We all know that when something like a film wins an Oscar, people are much more likely to go and see it. “Other people love this, and they’ve seen more films than I have so it must be good!” is the logic and to a certain degree, that applies to board games. But when a board game wins an award, it often does increase sales because more people are hearing about it. I realise this is sounding rather cynical but there are a ton of awards given out across the year.

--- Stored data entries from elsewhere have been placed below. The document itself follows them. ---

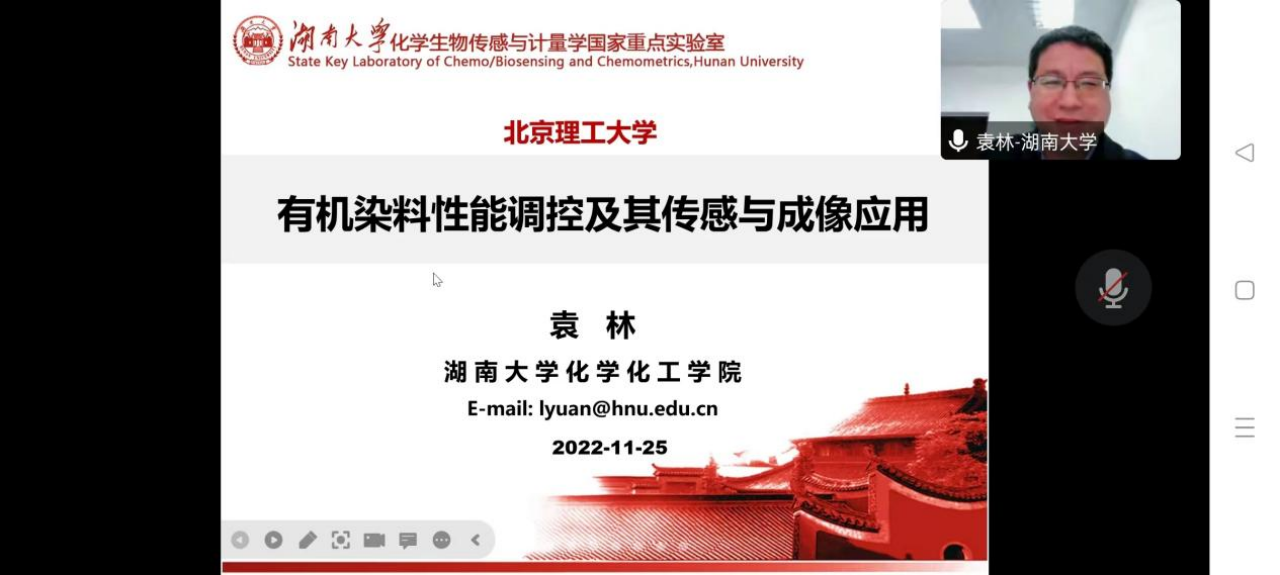 2022年11月25日上午,应taptap点点体育的邀请,湖南大学袁林教授做了题为“有机染料性能调控及其传感与成像应用”的在线学术报告。
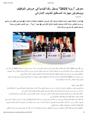 ﻲﺑد زﻛرﻣ ﻲﻓ "2025 فﺋﺎظوﻠﻟ تارﺎﻣﻹا ضرﻌﻣ - ﺔﯾؤر" نﻣ نﯾرﺷﻌﻟاو ﺔﻌﺑارﻟا ةرودﻟا (رﺑﻣﺗﺑﺳ 25 سﯾﻣﺧﻟا) موﯾﻟا تﻣﺗﺗﺧإ :2025 رﺑﻣﺗﺑﺳ 25 ،ﻲﺑد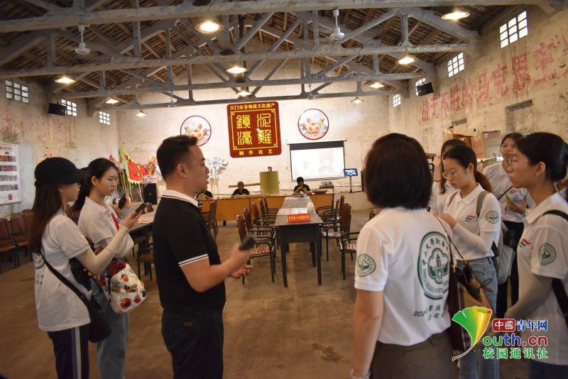 冯先生为队员们讲解“镇濠泥鸡”文化。中国青年网通讯员 曾志奋 摄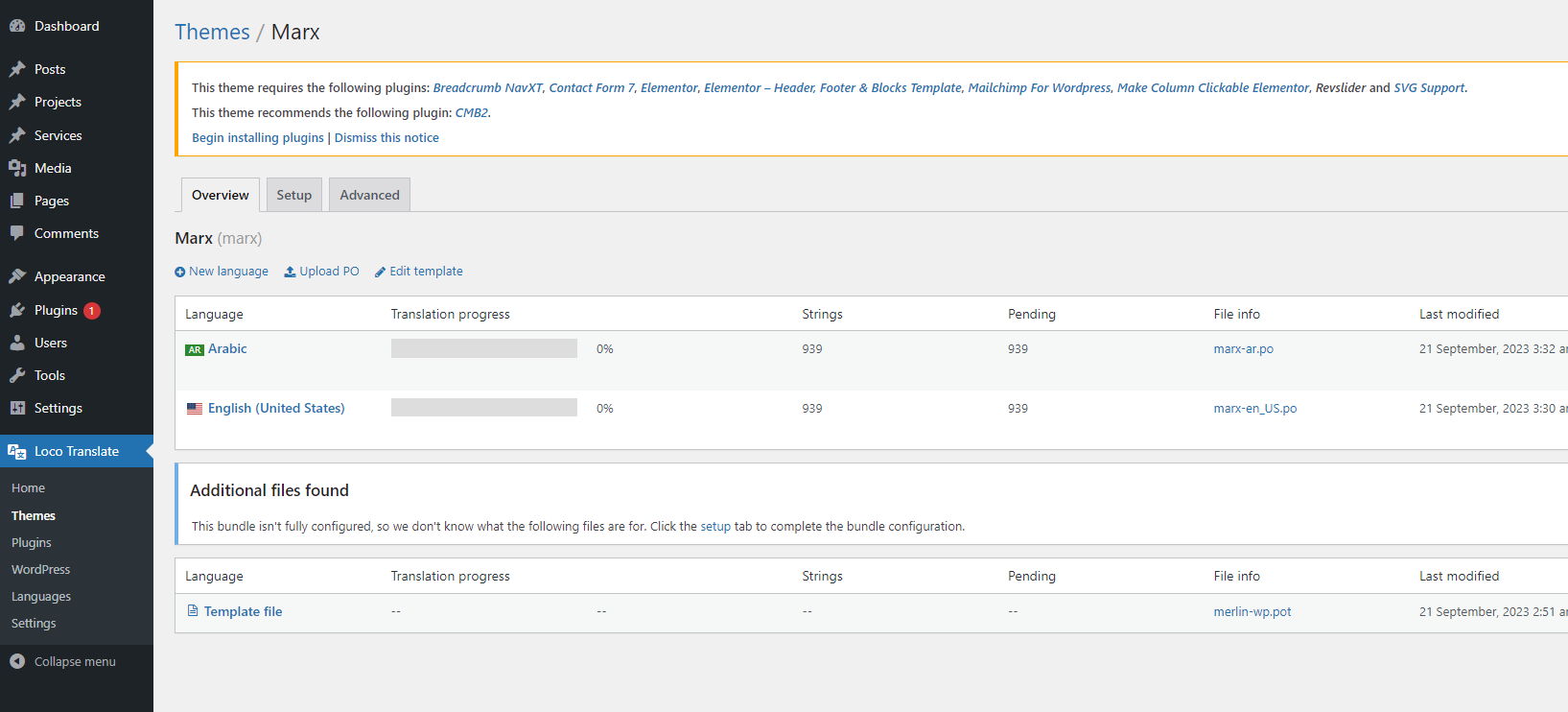 When you’re ready, go to Loco Translate -> Themes and you will see a list of all installed themes on your website.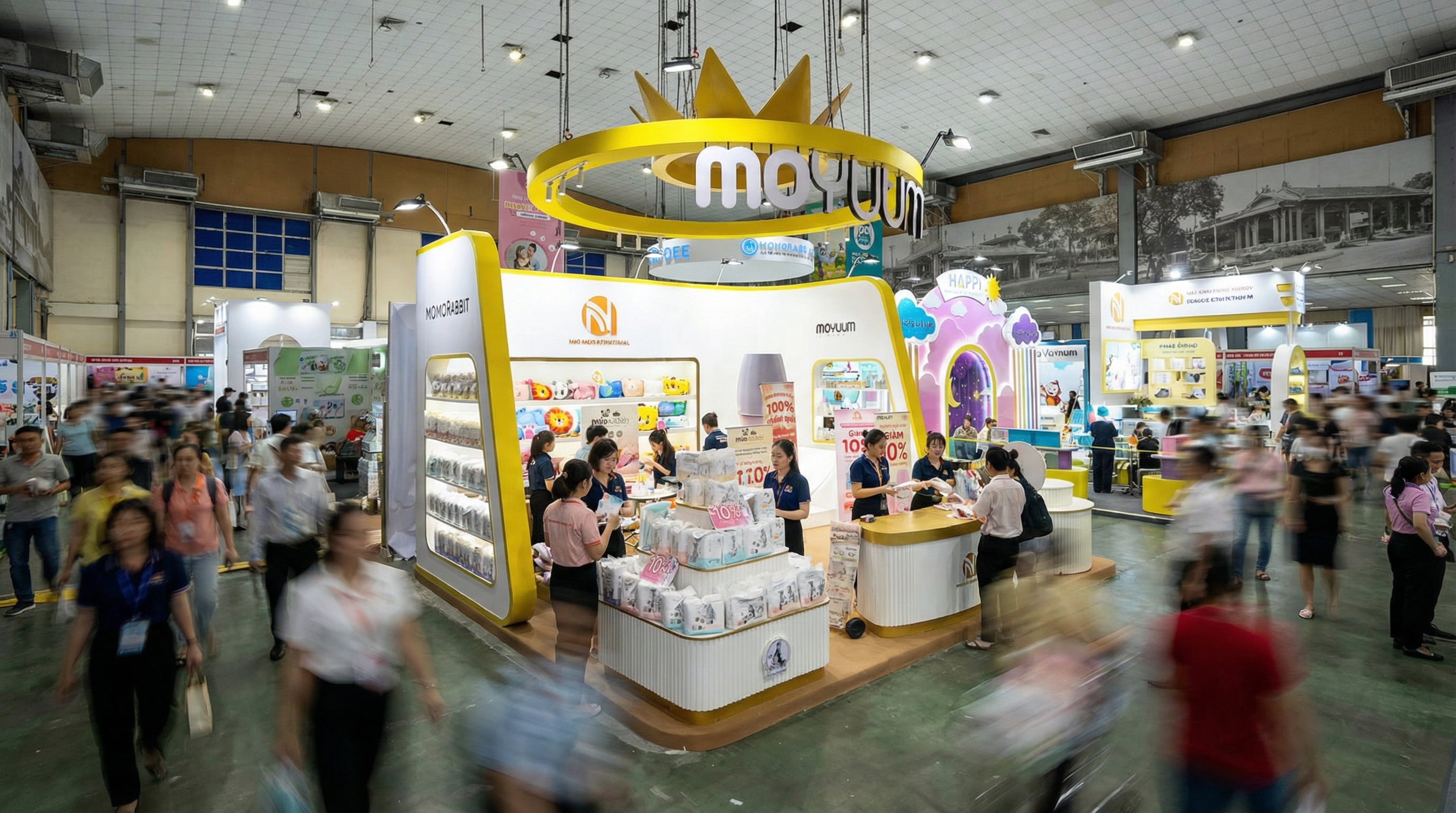 Bên cạnh đó, đội ngũ thiết kế của Boothpro thường xuyên cập nhật xu hướng gian hàng mới, để mỗi gian hàng không chỉ đúng nhu cầu sử dụng mà còn tạo được dấu ấn thị giác, hỗ trợ tốt cho hoạt động trưng bày và tương tác tại sự kiện.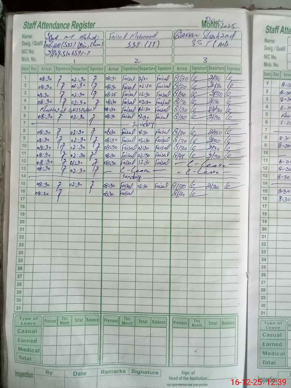 | CNIC | Full Name | Designation | R/C | Absence during last cal. month |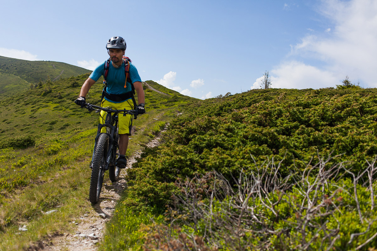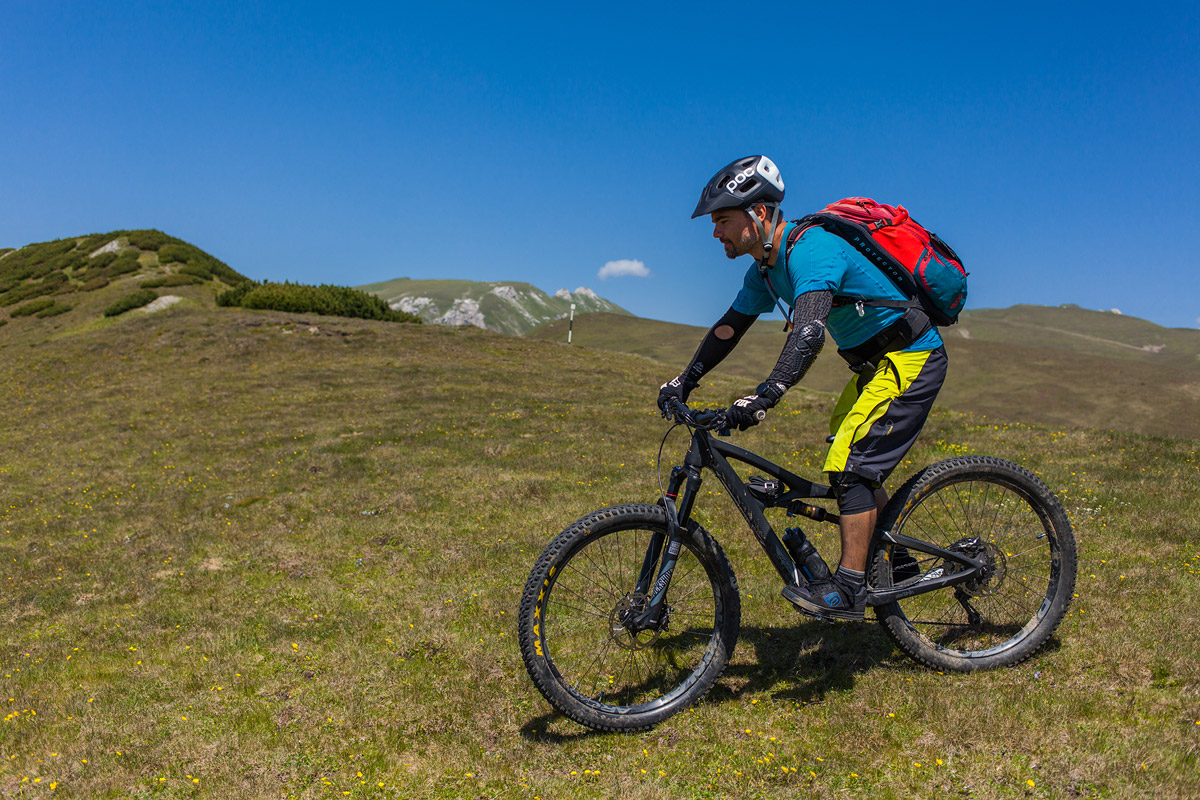 Munții Bucegi sînt de departe cei mai potriviți munți înalți din România pentru mountain biking. Cu un vast platou la plus-minus 2000 de metri plin de cărări, cu un vârf de 2507m (Omu) perfect accesibil cu bicicleta, cu ceva opțiuni de transport pe cablu dar și acces pe drum auto, Parcul Natural Bucegi oferă suficiente opțiuni atât pentru cross-countriști, cât și pentru euduro/freerideri.

The Dice Tower Seal of Approval, Spiel Des Jahres, Golden Geek, all of these may appear on a box at some point which looks impressive to the non-gamers who might pick it up. For those in the know, however, odds are they already knew about that game and have made a decision about it. I know I usually have done, although this year's Spiel Des Jahres nominees list had a bunch of games on it that I didn’t recognise. And unlike with the Oscars, the games which are given awards are usually out for a while before they get such an accolade so there’s a reasonable opinion formed on them. So today, we’re talking about the most award winning games - those games which have won a whole bunch of awards in the years they were released and are great games to play. Let’s get into it.
7 Wonders
There are a couple of games on this list which can claim to be the originator of a particular mechanism, and 7 Wonders does that for card drafting. Or at the very least, it brought the mechanism into the zeitgeist of board games. It's first up on our list of most award winning games! With no less than 24 awards to its name across from 2010 to 2012, 7 Wonders takes you back to Ancient times to build one of the 7 Wonders of the world. The game is played across three ages, and in each one, you’ll draft resources from a hand of 7 cards, which will gradually reduce as it passes around the other players. The cards will either give on-going bonuses or have one-off effects, and even offer a way to progress other cards without having to pay. At the end of the three ages, the points are totalled and the highest points wins.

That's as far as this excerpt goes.